The last sentence is a preface to an urgent appeal to Mr. Cross to deal with the subject "as becomes a Minister of the Crown, duly solicitous to free existing institutions intended to lessen or assuage the sufferings of the sick poor from their notorious abuses." We hope the appeal may attract Mr. Cross's attention, be successful, but if Dr. Chapman can prove all or much of what he alleges, few ministers of the Crown have had their work cut out for them on a larger scale than Mr. Cross.

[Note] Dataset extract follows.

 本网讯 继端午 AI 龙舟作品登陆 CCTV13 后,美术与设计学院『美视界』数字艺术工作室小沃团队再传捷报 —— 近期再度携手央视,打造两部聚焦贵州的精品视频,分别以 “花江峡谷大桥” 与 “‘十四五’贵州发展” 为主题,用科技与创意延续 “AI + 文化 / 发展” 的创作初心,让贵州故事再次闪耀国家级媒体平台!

In a recent article on Mr. Fry's Guide to the London Charities for 1874-5, we observed that the Charity Organisation Society had not furnished returns either of receipts or of persons benefited within the year. We have since learned that the omission was accidental, and indeed unimportant, as the receipts of the Council are duly recorded, giving the aggregate results of the labour of the several Committees ; and a return of the number of "persons benefited " would be hardly procurable in that conclusive shape, for the following reasons. It does not fall to the Council to deal directly with any but a few exceptional cases, and as the heading in the Guide-book is intended for relief agencies, and the Society is not primarily a relief society, even returns by the Committees under such a heading would give a very imperfect idea of the useful work performed by them. The Society publishes full in- formation concerning its widely extending, wise, and energetic action, in a large and admirably arranged volume of Reports (for 1873), now before us, from which we learn, severally, the amount of the receipts of the thirty-four District Committees and of the Aid Fund. The functions of this eminently practical Society are, as an examination of the volume of Reports convinces us, too numerous and various to be summed up under any concise head- ing. Some of the reports afford a strange insight into the knavish tricks which the officers of the Society are called upon to confound and frustrate ; we find them related sometimes among the prosecutions undertaken by the Society, sometimes under the " Fraudulent Charities " heading, more frequently among the cases dismissed as not suitable for charitable relief. On such cases much time and money are often expended, to the benefit of the public, and in the long run, to that of the poor themselves.